Uhlén, Mathias, Erik Björling, Charlotta Agaton, Cristina Al-Khalili A.Szigyarto, Bahram Amini, Elisabet Andersen, Ann-Catrin C. Andersson, etal. 2005. A human protein atlas for normaland cancer tissues based on antibody proteomics.Molecular & Cellular Proteomics : MCP 4 (12): 1920–32. https://doi.org/10.1074/mcp.M500279-MCP200.

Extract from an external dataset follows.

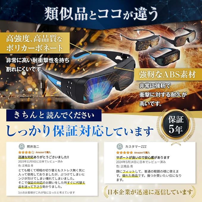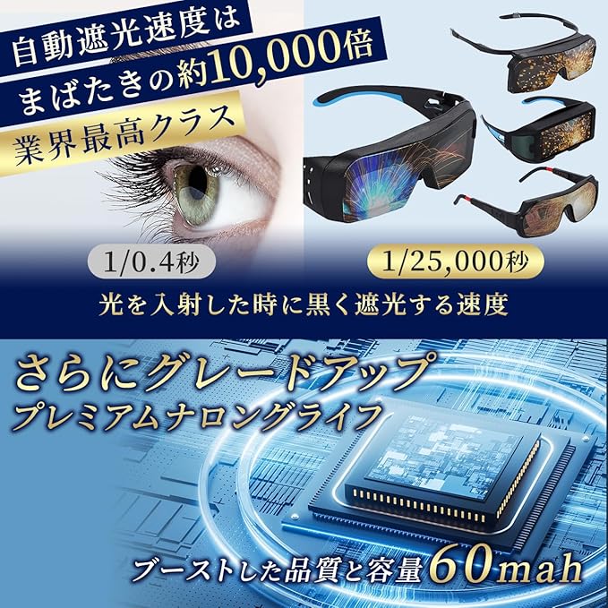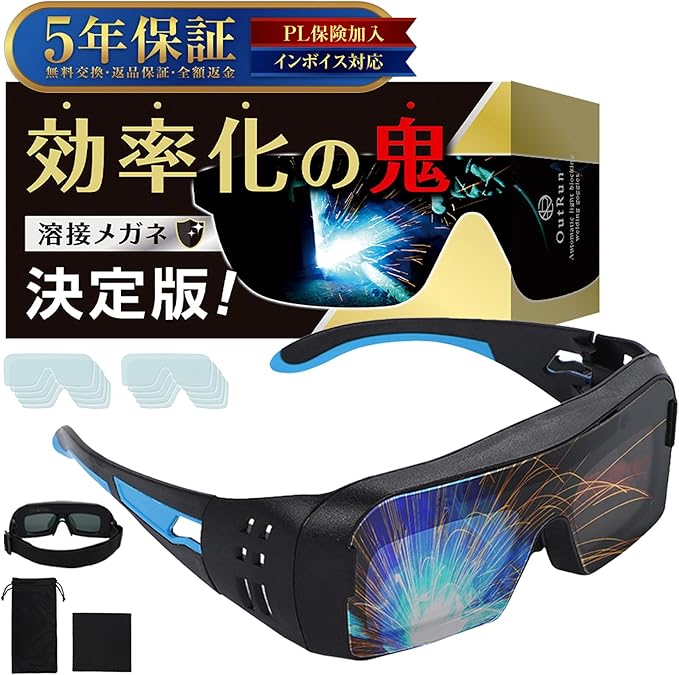 [OutRun] 【2025年 新型モデル】 溶接メガネ 溶接面 自動遮光 溶接 超軽量【日本企業】ソーラーパワー 溶接ヘルメット 溶接 (超高速 1/25,000秒)正規品 (青) | oioioichan

  1. www.proteinatlas.org↩︎

Human Protein Atlas in R (2024)

References

Top Articles
Inflation Cooled Further in June
Brake Masters 228
The Definitive Great Buildings Guide - Forge Of Empires Tips
Craigslist Cars And Trucks For Sale By Owner Indianapolis
Grange Display Calculator
Roblox Character Added
Horned Stone Skull Cozy Grove
Immediate Action Pathfinder
How to Store Boiled Sweets
Calmspirits Clapper
Dexter Gomovies
Truck Trader Pennsylvania
Dallas Cowboys On Sirius Xm Radio
Po Box 35691 Canton Oh
Union Ironworkers Job Hotline
Jang Urdu Today
Kountry Pumpkin 29
Ubg98.Github.io Unblocked
Busted Newspaper Fauquier County Va
If you have a Keurig, then try these hot cocoa options
Jermiyah Pryear
Craigslist Panama City Beach Fl Pets
Fiona Shaw on Ireland: ‘It is one of the most successful countries in the world. It wasn’t when I left it’
Churchill Downs Racing Entries
Evil Dead Rise Ending Explained
Weather October 15
Craigslist Boerne Tx
Willys Pickup For Sale Craigslist
Fedex Walgreens Pickup Times
Chapaeva Age
Half Inning In Which The Home Team Bats Crossword
Sun Haven Pufferfish
Whas Golf Card
Nsu Occupational Therapy Prerequisites
Craigslist Albany Ny Garage Sales
Tas Restaurant Fall River Ma
Kvoa Tv Schedule
Foolproof Module 6 Test Answers
Otter Bustr
Kerry Cassidy Portal
The Conners Season 5 Wiki
Sdn Fertitta 2024
Courses In Touch
'The Night Agent' Star Luciane Buchanan's Dating Life Is a Mystery
Best Conjuration Spell In Skyrim
Eat Like A King Who's On A Budget Copypasta
Darkglass Electronics The Exponent 500 Test
Suntory Yamazaki 18 Jahre | Whisky.de » Zum Online-Shop
Online College Scholarships | Strayer University
Heat Wave and Summer Temperature Data for Oklahoma City, Oklahoma
All Obituaries | Roberts Funeral Home | Logan OH funeral home and cremation
Ravenna Greataxe
Latest Posts
Article information

Author: Frankie Dare

Last Updated:

Views: 5822

Rating: 4.2 / 5 (73 voted)

Reviews: 80% of readers found this page helpful

Author information

Name: Frankie Dare

Birthday: 2000-01-27

Address: Suite 313 45115 Caridad Freeway, Port Barabaraville, MS 66713

Phone: +3769542039359

Job: Sales Manager

Hobby: Baton twirling, Stand-up comedy, Leather crafting, Rugby, tabletop games, Jigsaw puzzles, Air sports

Introduction: My name is Frankie Dare, I am a funny, beautiful, proud, fair, pleasant, cheerful, enthusiastic person who loves writing and wants to share my knowledge and understanding with you.